A friend of mine told me that 1024bit keys were broken, and he advised me to use 4096bit keys... I think he is confusing ssl with ssh. Do you have similar information on this? Praise
While it is true it is possible to break an 1024bit key, it is also difficult. While I am not saying that going to an higher bit key is a bad idea it is also proabably not really necessary. Also ssh is based on ssl so what effects one (as far as keys) effects the other. Austin Morgan On Mon, Jul 01, 2002 at 06:23:45PM +0200, Praise wrote:
A friend of mine told me that 1024bit keys were broken, and he advised me to use 4096bit keys... I think he is confusing ssl with ssh. Do you have similar information on this?
Praise
On Mon, Jul 01, 2002 at 06:23:45PM +0200, Praise wrote:
A friend of mine told me that 1024bit keys were broken, and he advised me to use 4096bit keys... I think he is confusing ssl with ssh. Do you have similar information on this?

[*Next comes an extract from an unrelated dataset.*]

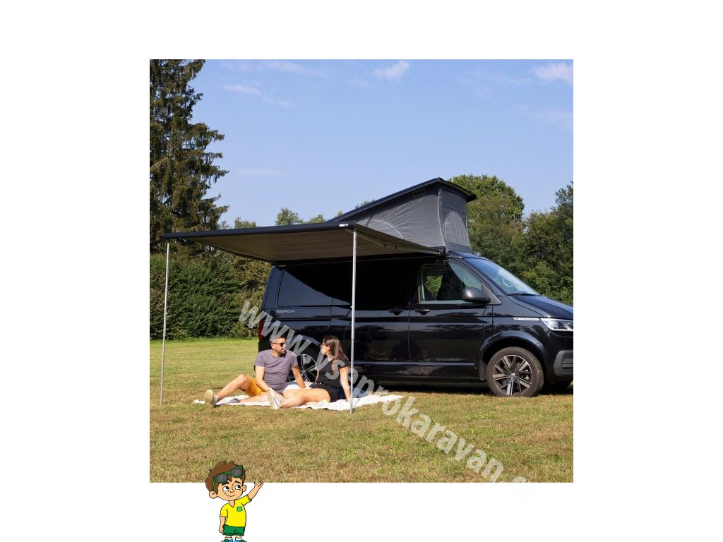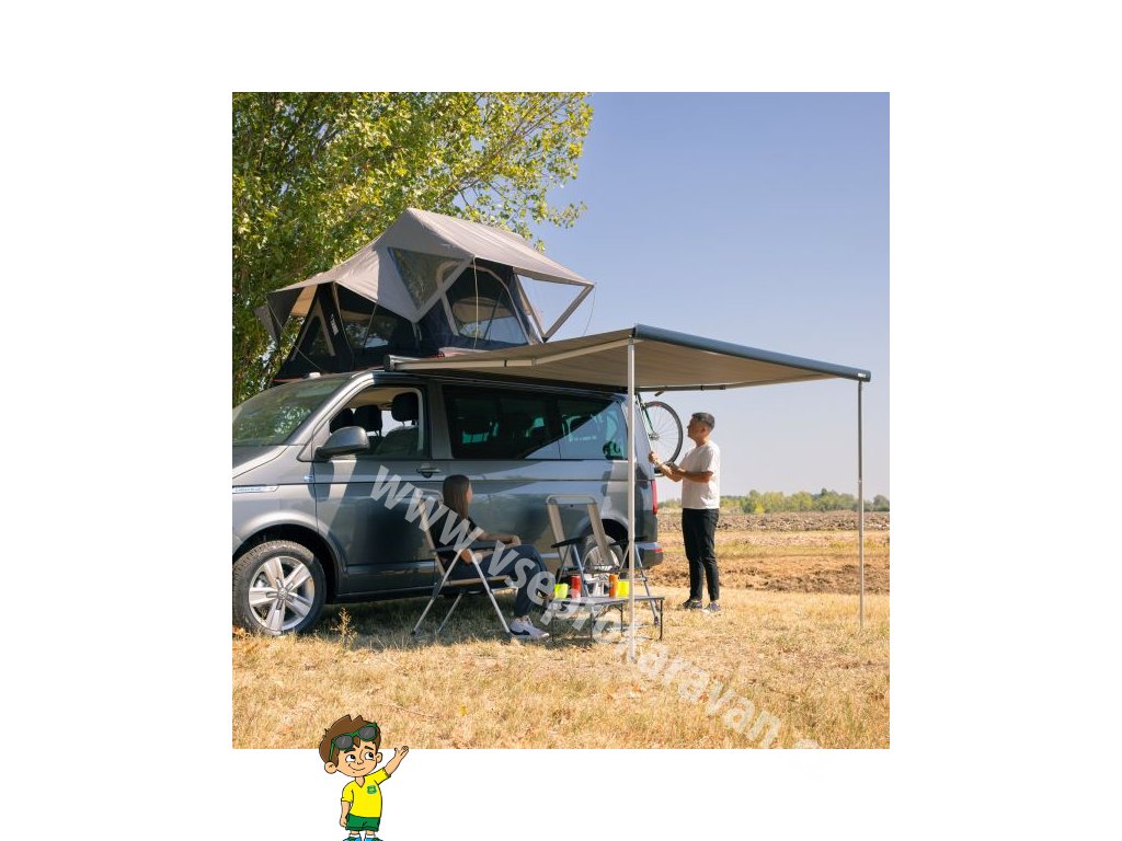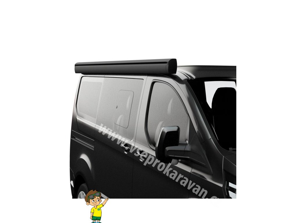 - Otevírání pomocí navijáku s magnetickou západkou v koncovce, pohodlná poloha díky montážní výšce markýzy na dodávce

There is a paper by Dan Bernstein that discusses how much computing power (and money) it would take to build something that's able to brute force a 1024 bit RSA key. Based on this paper, I believe, some people recently drew the conclusion that you can build such a thing for 1 billion USD which should be well within the budget of several US government agencies. None of this is proven, and pretty much of this is based on speculation. This is, to my knowledge, what this entire "stop using 1024 bit RSA keys" discussion is based upon. Whether you consider this a serious threat greatly depends on your personal paranoia quotient when it comes to said US government agencies. My personal opinion is, there's no need to panic, and throw away all your keys. If you do create a new key, it is a good idea to choose a bigger key length if the software supports it. Olaf -- Olaf Kirch | Anyone who has had to work with X.509 has probably okir@suse.de | experienced what can best be described as ---------------+ ISO water torture. -- Peter Gutmann
* Olaf Kirch wrote on Tue, Jul 02, 2002 at 09:18 +0200:
On Mon, Jul 01, 2002 at 06:23:45PM +0200, Praise wrote:
A friend of mine told me that 1024bit keys were broken, and he advised me to use 4096bit keys... I think he is confusing ssl with ssh. Do you have similar information on this?
There is a paper by Dan Bernstein that discusses how much computing power (and money) it would take to build something that's able to brute force a 1024 bit RSA key.
Based on this paper, I believe, some people recently drew the conclusion that you can build such a thing for 1 billion USD which should be well within the budget of several US government agencies. None of this is proven, and pretty much of this is based on speculation.
IIRC there were other people who told that DJB missed some details and the costs would be even larger.
My personal opinion is, there's no need to panic, and throw away all your keys. If you do create a new key, it is a good idea to choose a bigger key length if the software supports it.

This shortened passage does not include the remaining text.